Dünya Ekonomik Forumu’nun (OECD) 2018 Cinsiyet Eşitliği Raporu’na göre kadın-erkek eşitliği konusunda 149 ülke arasında Türkiye 130. sırada.

Araştırmalar Türkiye’de kadınların yüzde 58’inin üniversite eğitimini tamamlayarak standart bir diploma alabildiğini gösteriyor.

OECD raporuna göre kadınların erkeklerle eşit haklara sahip olması için 108 yıl, erkeklerle eşit ücrete sahip olması için de 202 yıl geçmesi gerekiyor.

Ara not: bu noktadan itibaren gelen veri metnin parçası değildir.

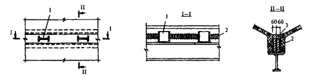 1 - стальной упор; 2 - шпонки; 3 - бетон замоноличивания Рисунок 6.6 - Схема стыков соединений железобетонных и металлических элементов 6.4.4 Соединение арматуры в стыках рекомендуется осуществлять сваркой стержней с закладными деталями или между собой, а также с перепуском концов стержней и сеток согласно требованиям п. 6.4.2 (ГОСТ 14098 и ГОСТ 10922). С целью уменьшения зоны перепуска арматуры допускается стыкование с помощью перепуска петель диаметром (или размером стороны) не менее 10d с заделкой в шов каждой петли на длину не менее 15d (здесь d - диаметр стыкуемых стержней). При расположении петель в вертикальной плоскости внутри петель по их периметру должны быть заложены продольные по стыку стержни (рис. 6.5, г, д). При расположении петель в горизонтальной плоскости к ним привариваются продольные стержни. Расчетные стыки на период монтажа допускается проектировать без замоноличивания, предусматривая передачу возникающих в них усилий через соединительные металлические детали (рис. 6.5, ж). Металлические детали стыков должны быть защищены от коррозии согласно СНиП 2.03.11. 6.4.5 Размер ширины стыков следует назначать с учетом положительных и отрицательных допусков для размеров собираемых элементов, но не менее 40 мм и, как правило, не более 150 мм. Передача монтажных сжимающих усилий в стыках допускается через металлические закладные детали без применения замоноличивания. При этом прочность бетона сборных элементов в стыке должна быть проверена на местное сжатие. Ширина раскрытия трещин на уровне арматуры должна быть не более допустимой по п. 6.4.5 СНиП 52-01. 6.4.6 С целью сокращения размеров и количества закладных деталей и стержней, проектируемых в стыке, а также упрощения работ по стыкованию арматуры допускается основную арматуру в элементах и в стыках покрытий сосредоточивать на отдельных небольших участках в зоне ребер, пересекаемых стыком (но не реже чем через 3 м), а при отсутствии ребер - на участках протяженностью 5-10 толщин плиты при расстоянии между участками 10-20 толщин плиты. 6.4.7 В стыках элементов, работающих на растяжение или изгиб, все растягивающие усилия должны быть восприняты надежно заанкеренной арматурой (как правило, являющейся продолжением основной арматуры ребер стыкуемых элементов). В стыках, воспринимающих касательные усилия сдвига с помощью шпонок, размеры выступов и углублений, образуемых в бетоне сборных элементов и в бетоне замоноличивания, должны удовлетворять расчету шпонок на смятие Q1 и срез Q2 по формулам:

Kadir Has Üniversitesi Toplumsal Cinsiyet ve Kadın Çalışmaları Merkezi tarafından yapılan “Toplumsal Cinsiyet ve Kadın Algısı Araştırması” göre 2018 yılında kadının en büyük sorunları şiddet, işsizlik, eğitimsizlik, sokakta baskı ve taciz, aile baskısı, kadın erkek eşitsizliği, çevre/mahalle baskısı, işyerinde ayrımcılık, politik baskı ve şiddet olarak sıralanıyor

Eğitim Sen’in raporunda da yer aldığı gibi eğitimde gericileşmenin temel bir boyutunu kız ve erkek öğrencileri birbirinden uzaklaştıran, birlikte büyümelerini, okumalarını engellemeye çalışan anlayışın ürünü kararlar oluşturuyor. Diğer bir yanı da müfredatın içeriğinin bilimsellikten uzaklaştırılması ve din eksenli bir yapıya kavuşturulmasıdır. Başta fen bilimleri olmak üzere bilim, felsefe, tarih ve sanat derslerini hedef alan yeni müfredatın öğretim programlarına ve ders kitaplarına ideolojik bir müdahale yapılmıştır. Diyanetin, dini okulların ve cemaatlerin belirleyiciliği artmıştır.

İşçi sınıfı ve emekçi kitleler, “ölümü göster sıtmaya razı et” politikasını din bezirganı iktidarın başına çalmayı başardıklarında bu karanlığı dağıtmanın ilk adımını da atmış olacaklardır.